- M23 rebels say they want peace but will fight to defend their territory.
- They accuse Felix President Tshisekedi of causing chaos to avoid elections next year.
- M23 claim to be victims of fake news.
March 23 Movement (M23) rebels in the Democratic Republic of Congo (DRC) have accused President Felix Tshisekedi of attempting to delay next year's elections by fanning divisions in the country, creating fertile grounds for conflict.
M23 took over the towns of Tanda, Mukarange, and Muhambira in the eastern DRC and claim to be protecting the communities.
But on Tuesday, government forces opened fire on the rebel groups stationed in the three areas.
After the attack, in a strongly worded statement, the rebels said they would "repeal enemy's [government] attacks in a way to protect the civilian population and their goods".
According to Human Rights Watch, the fighting between Congolese troops and M23 had forced nearly 200 000 people to flee their homes so far this year.
Both the government and rebels have been found to be committing widespread violence, unlawful killings, and other grave abuses by humanitarian aid organisations in the eastern part of the country.
In a statement, M23's political spokesperson Lawrence Kanyuka said besides defending its territory, the group was interested in a peaceful resolution to the current conflict.
"The M23 Movement reiterates its undertaken commitment to direct dialogue with the Congolese government for the peaceful resolution of the conflict," he added.
However, the rebels said they felt Tshisekedi was not acting in good faith but using the conflict in the eastern part of the country as a way of holding on to power in a chaotic environment.
The rebels claimed a volatile situation in the region would be enough for Tshisekedi to call off next year's general elections, citing insecurity in the country.

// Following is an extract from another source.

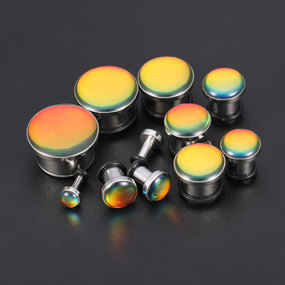 6-16mm Stainless Steel Orange Changing Ear Tunnels Single Flare Expander Ear Gauges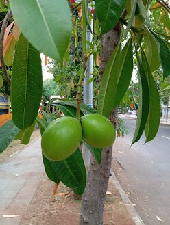 Bintaro (Cerbera manghas)  memiliki perawakan (habitus) berupa pohon, buahnya sekilas mirip mangga namun berbeda, daging buah bintaro berserat dan tidak dapat dikonsumsi. Buah bintaro Ketika matang akan berwarna merah saat matang dan bentuknya oval. Tumbuhan ini memiliki tinggi mencapai 10-20 metter. Batang bintaro tegak, berkayu, berbentuk bulat, dan berbintik-bintik hitam. Kulit batang binnatro tebal dan berkerak. Tumbuhan bintaro memiliki karakteristik morfologi berdaun tunggal, lonjong, permukaan licin, dengan tepi rata, ujung dan pangkal meruncing, serta pertulangan menyirip. Ukurannya biasanya panjang 15–20 cm dan lebar 3–5 cm, berwarna hijau. Daun ini tersusun dalam kelompok di ujung cabang tanaman.

"Its [the government] strategy of creating and maintaining conflicts to cause tremendous chaos in the country which it intends to use to maintain itself in power," Kanyuka said.
M23 claimed to be rebels with a cause and said the government was forcing the press to portray it in a bad light.
"Tshisekedi's government is inventing fake news. It, therefore, puts pressure onto certain press organs in order to direct and focus their attention onto M23, hence tarnish the image of the latter because we have legitimate grievances that expose its bad governance," said Kanyuka.
Tshisekedi accuses Rwanda of working with M23 to destabilise the DRC, a claim supported by UN investigations.
Last week, US Secretary of State Antony Blinken was in the DRC and later Rwanda to meet the leaders of both countries about the situation in east DRC.
Rwandan President Paul Kagame has refuted claims of supporting M23 and repeated this to Blinken during their meeting.
M23 is flagged as a terrorist group by the UN.The group was formed in April 2012 by former National Congress for the Defence of the People soldiers who broke ranks with the DRC government and peacekeeping contingent of the UN Organisation Stabilisation Mission in the Democratic Republic of the Congo.